When listing with cxl list -Dv, identify the id. Here the decoder0.0 corresponds to the id=24. It corresponds to the bus number attached to a node. From our previous qemu script, the bus_nr=24 corresponds to our numa_node=0

"decoders:root0":[
      {
        "decoder":"decoder0.0",
        "size":4294967296,
        "interleave_ways":1,
        "max_available_extent":4294967296,
        "pmem_capable":true,
        "volatile_capable":true,
        "accelmem_capable":true,
        "nr_targets":1,
        "targets":[
          {
            "target":"pci0000:18",
            "alias":"ACPI0016:02",
            "position":0,
            "id":24
          }
        ]
      },
      {
        "decoder":"decoder0.1",
        "size":4294967296,
        "interleave_ways":1,
        "max_available_extent":4294967296,
        "pmem_capable":true,
        "volatile_capable":true,
        "accelmem_capable":true,
        "nr_targets":1,
        "targets":[
          {
            "target":"pci0000:20",
            "alias":"ACPI0016:01",
            "position":0,
            "id":32
          }
        ]
      },
      {
{
        "decoder":"decoder0.2",
        "size":536870912,
        "interleave_ways":1,
        "max_available_extent":536870912,
        "pmem_capable":true,
        "volatile_capable":true,
        "accelmem_capable":true,
        "nr_targets":1,
        "targets":[
          {
            "target":"pci0000:28",
            "alias":"ACPI0016:00",
            "position":0,
            "id":40
          }
        ]

Lets select the id 24. It is attached to the decoder0.0. To identify which memory device is below that decoder, run cxl list -M:

[
  {
    "memdev":"mem0",
    "pmem_size":268435456,
    "serial":0,
    "numa_node":3,
    "host":"0000:29:00.0"
  },
  {
    "memdev":"mem1",
    "ram_size":268435456,
    "serial":0,
    "numa_node":0,
    "host":"0000:1b:00.0"
  },
  {
    "memdev":"mem4",
    "ram_size":268435456,
    "serial":0,
    "numa_node":0,
    "host":"0000:1c:00.0"
  },
  {
    "memdev":"mem3",
    "ram_size":268435456,
    "serial":0,
    "numa_node":1,
    "host":"0000:23:00.0"
  },
  {
    "memdev":"mem2",
    "ram_size":268435456,
    "serial":0,
    "numa_node":1,
    "host":"0000:24:00.0"
  }
]

We can see that in the numa_node 0, mem1 and mem4 are located.
So we can run: sudo cxl create-region -m -t ram -d decoder0.0 -w2 mem4 mem1 without doubt whether it is the right decoder with the rights memory devices.
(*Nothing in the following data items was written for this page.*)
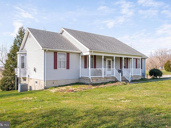 The Open House scheduled 4.15.2023, 12:00 - 2:00 pm has been Cancelled. However I will be there incase someone comes by the house. This serene light and bright three bedroom two bath Rancher with commanding mountain and pastoral views is sited on 3.15 acres complemented with mature landscaping and trees. The house welcomes one with a 6 ft x 30 ft covered front porch offering outdoor space to sit and enjoy the views and sunrises over the Blueridge Mountains. The interior of the home provides 9 ft. ceilings, natural light and views from all rooms. The large living room has a gas fireplace, mantle and recessed lighting. Adjacent to the living room and kitchen, is a light filled dining room with a hardwood floor, bay window and glass doors to the 12 ft x 16 ft raised deck allowing expansion of indoor living area to the outdoor deck for quiet evenings of dining and conversation. The country kitchen offers a storage pantry, eat in space and a gas stove along with the other kitchen appliances. Three bedrooms and two full baths located on the main level north side of the foyer. Each bedroom offers ample closet space with a walk in closet in the primary bedroom. The large primary bedroom boasts a bay window with pastoral views to the west and the en-suite primary bathroom offers two full vanities and a walk in shower. Connecting stairs take you down to the generous unfinished walk out basement with laundry area, garage access, rough in for a bathroom and space for storage or other usage. The large two car side loading garage offers plenty of room for cars, storage and equipment. Located in the scenic Kabletown area with easy access to Virginia and Maryland commuter routes, Charles Town, Clarke and Loudoun Counties. Jefferson County offers many outdoor activities, historical venues, shopping and restaurants and Harpers Ferry National Park.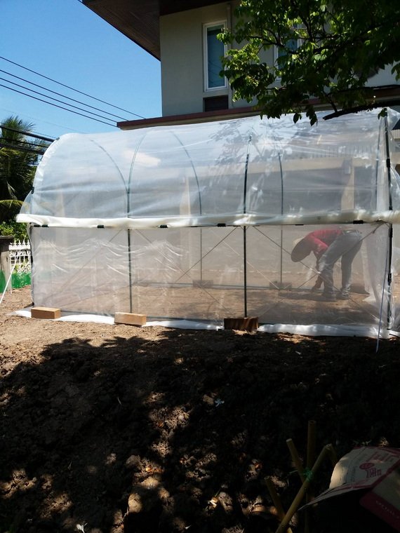 ตัวพลาสติกคลุมโรงเรือน เปลี่ยนให้เป็นพลาสติก LLDPE ใสขุ่น ความหนา 0.2 มิลลิเมตร (200 ไมครอน) และติดตั้งมุ้งตาข่ายกันแมลง ความถี่ตา 40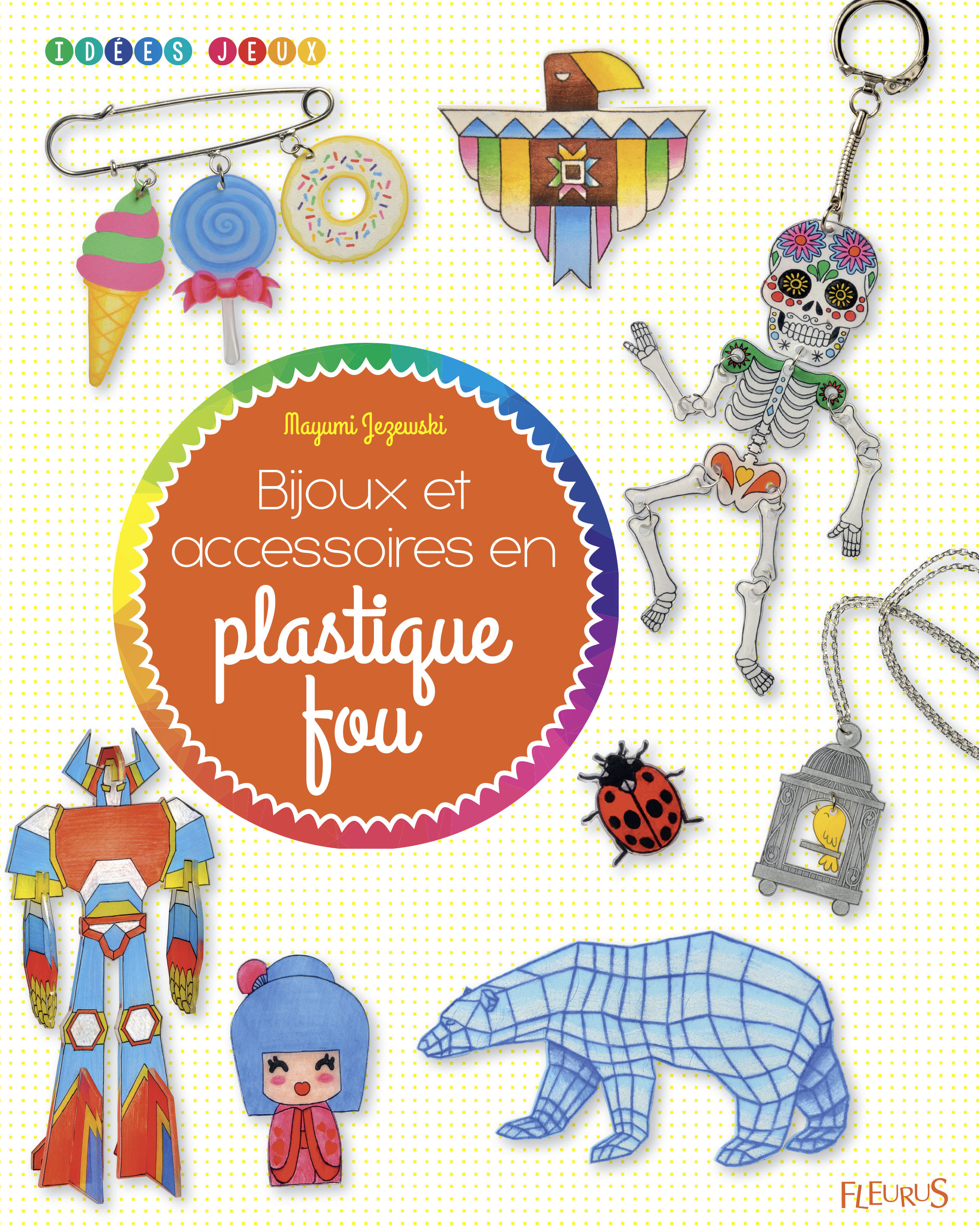Avec le plastique fou, fais tourner toutes les têtes ! Découvre cette matière étonnante que l’on peut colorier comme on veut, puis qui durcit et rétrécit à la cuisson. Animaux, fleurs, robots, motifs amérindiens, dessins géométriques … il y en a pour tous les goûts ! Choisis tes motifs préférés, décalque-les et réalise des magnets, des porte-clés, des bijoux, des figurines ou même des décors ! Ouvre les portes de ton imaginaire et crée sans limite ! Avec 125 patrons
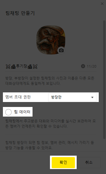 이제 옵션으로 멤버 초대 권한을 방장만으로 하고, 팀 데이터 옵션을 꺼주고 확인을 눌러 줍니다.
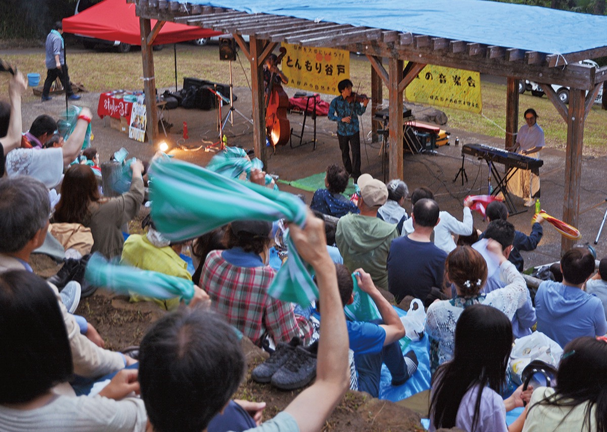 とんもり谷戸の一角にある「おもい出のうたのこみち」には、昨年を上回る約300人の観客が集まった。かがり火や竹灯籠が会場を照らす中、観客は16回目の出演となる音楽ユニット「style-3!」の演奏を楽しんだ。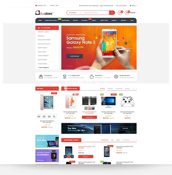With an elegant and modern style, Boxstore Magento Theme has all things you need and bring your customers a fresh and active interface. Because of multistore magento template, Boxstore is perfect to show digital, construction tools, organi, accessories,.. for your store.
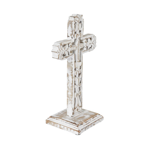 Enhance your home with a touch of serene spirituality using the Distressed White Ornate Wooden Cross with base. This decorative cross is beautifully crafted from tropical wood, known for its durability and distinctive light wood brown tone. It features an elaborate design with an inset cross at the center, surrounded by intricately carved swirls and floral motifs. The entire piece is painted in a distressed white finish, achieving a vintage look that complements both modern and traditional decor. This versatile piece can be displayed in any room, adding a meaningful touch to your living space. The cross's aesthetic draws from both farmhouse and country styles, making it an ideal addition to spaces designed with a rustic or shabby chic theme. The whitewashed finish not only highlights the detailed carvings but also enhances its spiritual symbolism, creating a peaceful ambiance wherever it is placed. Whether set against a busy backdrop in the living room, a tranquil corner of the bedroom, or welcoming guests in the entryway, this ornate wooden cross is sure to capture attention and spark conversations. Maintenance of this decorative cross is hassle-free, requiring only a soft cloth for cleaning to maintain its pristine condition. The solid base ensures stability, allowing for easy placement on any flat surface-from kitchen counters and dining room buffets to bathroom shelves. Measuring 13x7.5x5 inches, it is perfectly sized to make a significant impact without overwhelming the space. Make this Distressed White Ornate Wooden Cross a focal point in your home decor, and embrace its blend of artistic craftsmanship and spiritual elegance.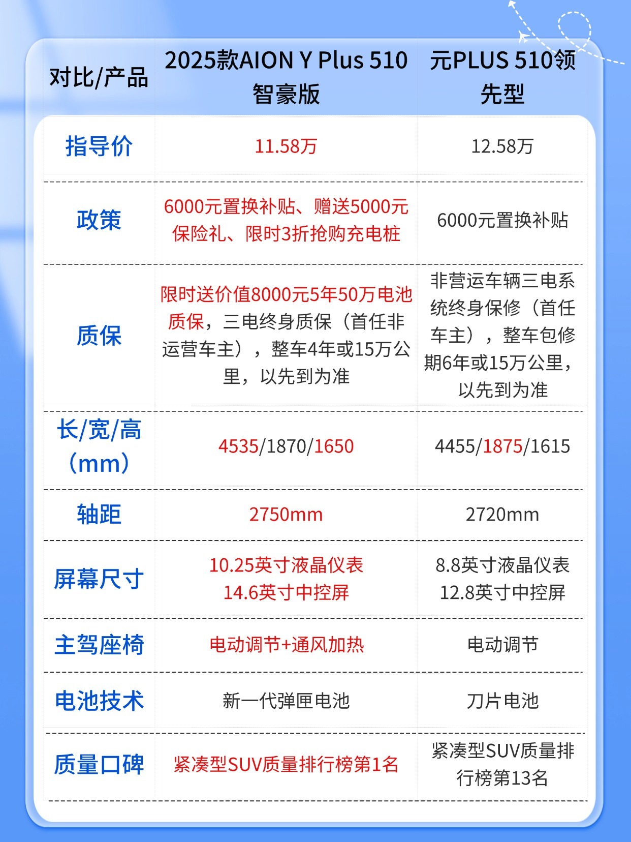 答案是便宜了1万元的2025款AION Y Plus 510智豪版,我们做了个简单的对比表格,可以直观呈现下两者的差别。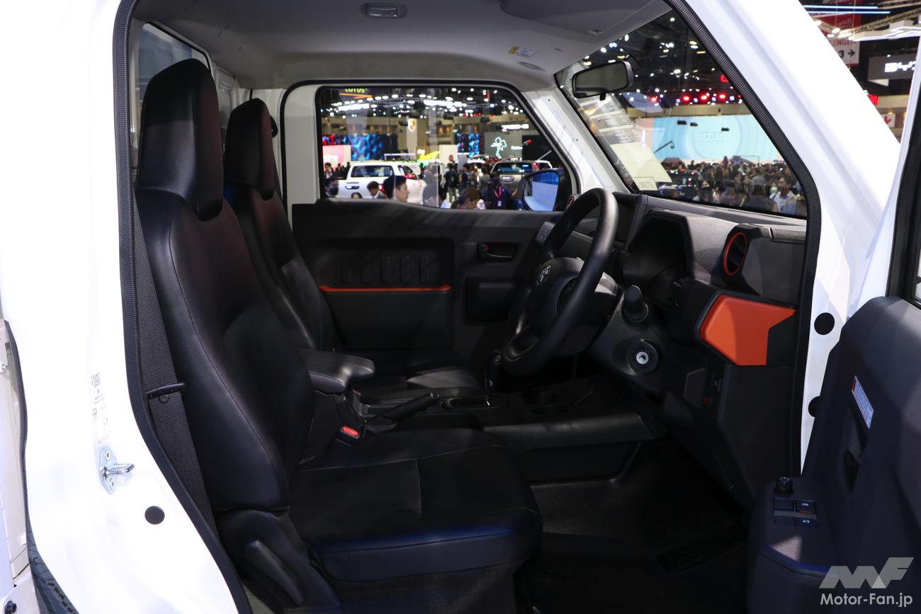 まず基本構成を見ていくと、ボディタイプは、全部で5種類。その中で、ホイールベースはショートとロングを使い分けている。もっとも廉価な仕様だと、架装を前提に荷台すら備えていない。キャビンは、シングルの2名乗車仕様のみとなるが、MT仕様だと座面の広いワイドタイプの助手席仕様になる。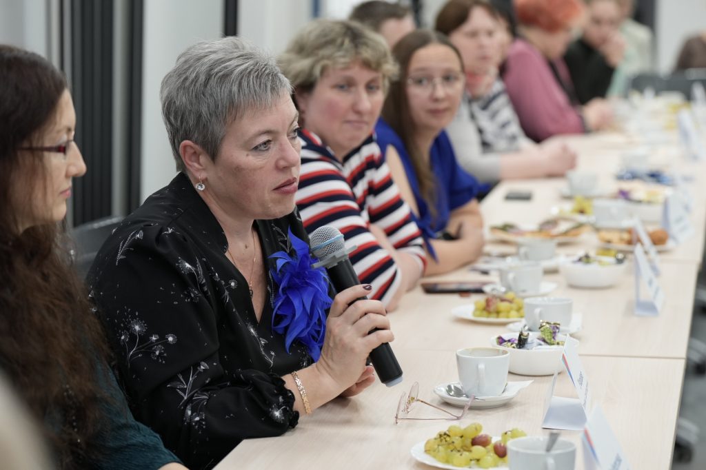 На встрече глава областного комитета образования не только поздравила учителей с их профессиональным праздником, вручила памятные подарки, но и обсудила с ними предложения по совершенствованию региональной системы образования. Например, Сергей Филатов, учитель начальных классов Ущевицкой школы, который переехал в регион из Липецкой области, предложил усилить методическую помощь педагогам.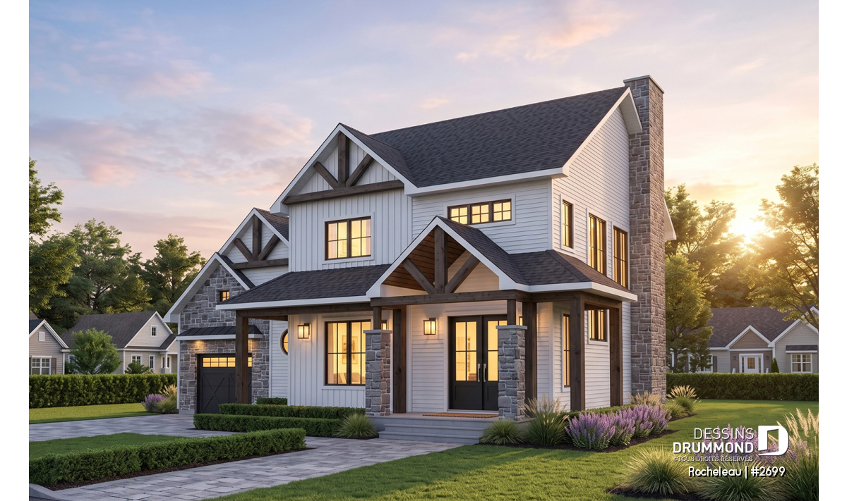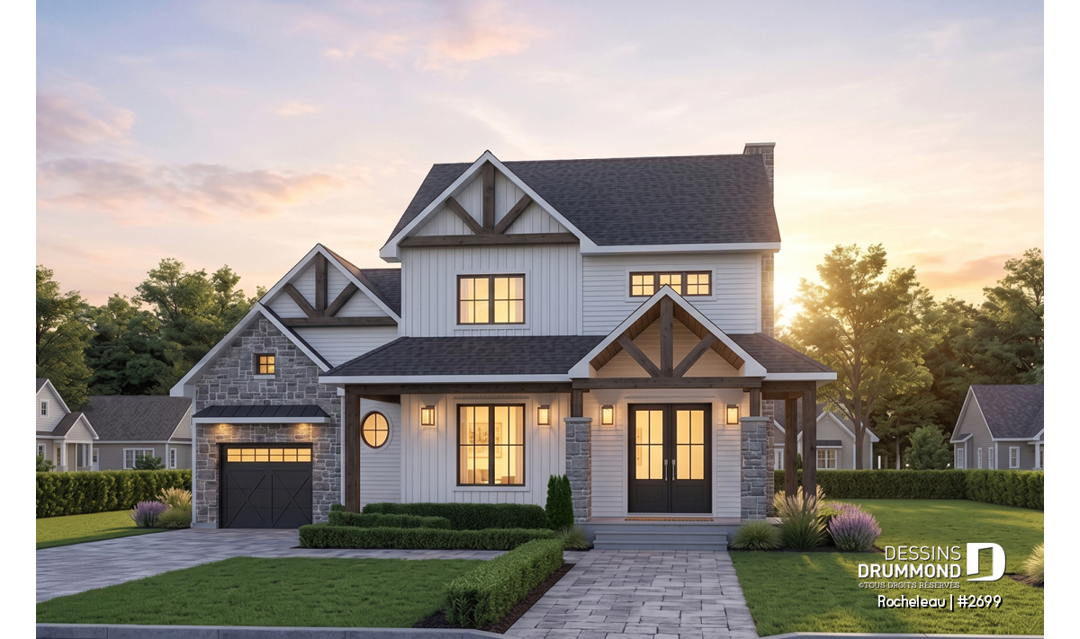 Le plan de maison ROCHELEAU (plan #2699) propose 1882 pi.ca. aménagés sur 2 étages, en plus d'un sous-sol avec *proposition d'aménagement (à faire ou non selon vos besoins) amenant ainsi cette belle maison à 3137 pi.ca.!

Then we finalize the configuration with one way interleaving:

sudo cxl create-region -m -t ram -d decoder0.1 -w1 mem3
sudo cxl create-region -m -t ram -d decoder0.1 -w1 mem2

The region with persistent memory:

sudo cxl create-region -m -t pmem -d decoder0.2 mem0
sudo ndctl create-namespace -t pmem -m devdax -r region2 -f

And finally online all devices:

sudo daxctl online-memory all
sudo daxctl reconfigure-device -m system-ram dax2.0 --force

We oberved error messages like: failed to create namespace: No space left on device after running the namespace creation. To encounter this issue, erase files declared in the mem-path argument (usually /tmp/ ) of your qemu script, reboot the vm.